Methods and materials

For a visual overview of the complete analytical process, see Fig. 1.

Fig. 1.

Flowchart of the complete analytical process, including real data preparation, data simulation and specification curve analysis.

Depression data

Participants and procedures

NESDA is a multisite naturalistic cohort study that examines the long-term course of depressive and anxiety disorders. A detailed description of the NESDA design can be found elsewhere (Penninx et al., 2008). In brief, the NESDA cohort consists of 2981 subjects aged 18–65 years, including those with lifetime anxiety and/or depressive disorder and a subgroup of healthy controls. The research protocol was approved by the Medical Ethical Committees of participating institutes, and after a complete description of the study, all respondents provided written informed consent. For the present study, all 688 subjects with a current (past 6 months) diagnosis of MDD according to the Composite International Diagnostic Interview (CIDI; WHO version 2.1) as well as 426 healthy controls were selected. The SCA was first run in the MDD patient sample and then repeated in the combined MDD and healthy control sample (see below).

Measurements

Extensive information was gathered through face-to-face interviews, a medical examination, a cognitive computer task and collection of blood samples (Penninx et al., 2008). DSM-IV diagnoses of depressive (minor depression, dysthymia and MDD) and anxiety disorders (Generalized Anxiety Disorder, Social Phobia, Agoraphobia and Panic Disorder) were established using the CIDI. Those without any diagnosis according to the CIDI were included as healthy controls.

Proteomic analytes

Blood was sampled after an overnight fast in five research centers throughout the Netherlands (Amsterdam, Leiden, Groningen, Emmen and Heerenveen) and stored at −80 °C. All samples were shipped on dry ice and processed from frozen in a Clinical Laboratory Improvement Amendments-certified laboratory (Myriad RBM; Austin, TX, USA), where a panel of 243 analytes (Myriad RBM DiscoveryMAP 250+) involved in various hormonal, immunological and metabolic pathways were assessed in serum using multiplexed microbead immunoassays.

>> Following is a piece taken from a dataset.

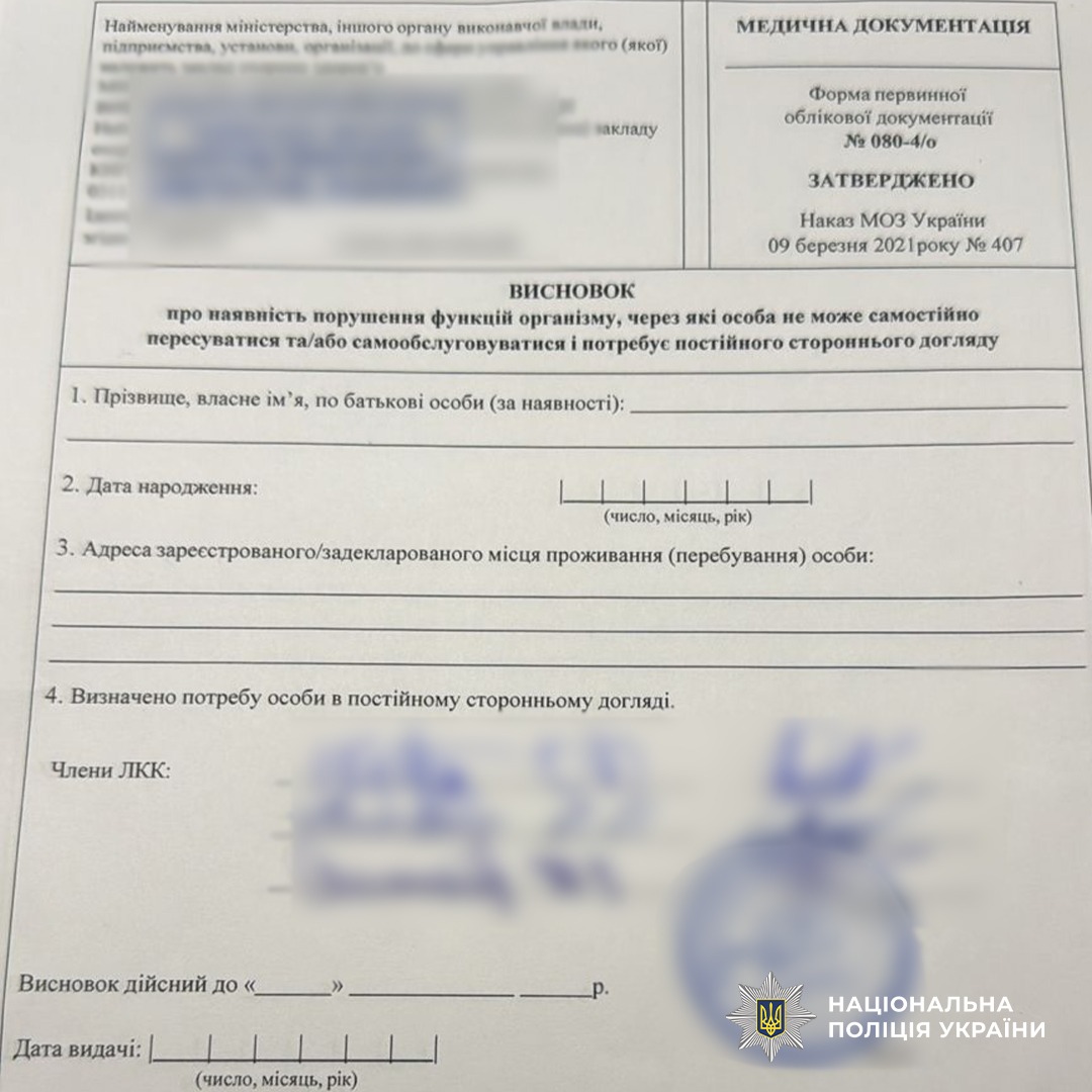 Спільники за гроші надавали документи по догляду за членом сім’ї, аби їх клієнти уникнули військової служби. Серед учасників злочинної схеми була чиновниця районної державної адміністрації, яка на підставі фіктивних відомостей оформлювала документи. Під час обшуку у фігурантів вилучили близько 1000 актів на фіктивних опікунів.

Each batch also contained three duplicate control samples with different protein concentrations, giving an average inter- and intra-assay variability of 10.6% (range 5.5–32.5%) and 5.6% (range 2.5–15.8%), respectively.

Analyte data selection

To reduce the likelihood that identified clusters would merely reflect degrees of general somatic health rather than psychopathology (Beijers et al., 2019a), only biomarkers were included that were previously shown to differ between current MDD patients and healthy controls (Bot et al., 2015). We excluded the luteinizing hormone and lactoylglutathione lyase because of correlations >0.65 with follicle-stimulating hormone and macrophage migration inhibitory factor, respectively. A total of 31 biomarkers related to immune response, protein metabolism and diverse cell communication and signal transduction processes were included in the study (See Table 1 and online Supplementary Table S1). Because biomarkers were selected based on their ability to discriminate between MDD and healthy controls, the combined MDD and healthy sample was expected to contain at least two clusters (K ⩾ 2).

Table 1.

Biochemical analytes and associated biological processes

Analyte	Biological process^a
Alpha-1-antichymotrypsin	PM
Alpha-1-antitrypsin	PM
CD40 antigen	CC,ST
Complement factor h-related protein 1	IM
Enrage	CC,ST
Growth-regulated alpha protein	IM
Interleukin-12P40	IM
Interleukin-1 receptor antagonist	CC,ST
Macrophage migration inhibitory factor	CC,ST
Lactoylglutathione lyase (not included because of high correlation with MIF)	M
Insulin growth factor-binding proteiN-5	CC,ST
Urokinase-type plasminogen activator receptor	CC,ST
Cathepsin D	PM
Receptor tyrosine-protein kinase ERBB-3	CC,ST
Hepsin	PL
Cellular fibronectin	CG
Matrix metalloproteinase-10	PM
Matrix metalloproteinase-3	PM
Tenascin C	CC,ST
Carcinoembryonic antigen	IM
Angiogenin	M
Angiopoietin 2	CC,ST
Vascular endothelial growth factor	CC,ST
Apolipoprotein A4	T
Apolipoprotein D	T
Fatty acid-binding protein, adipocyte	CC,ST
Pancreatic polypeptide	CC,ST
Von willebrand factor	PM
Luteinizing hormone (not included because of high correlation with FSH)	CC,ST
Follicle-stimulating hormone	CC,ST
Cystatin C	PM
Fetuin-A	CC,ST
Prostasin	PM

CC, cell-cell communication; CG, cell growth/maintenance; IM, immune response; M, metabolism; PL, proteolysis and peptidolysis; PM, protein metabolism; ST, signal transduction; T, transport.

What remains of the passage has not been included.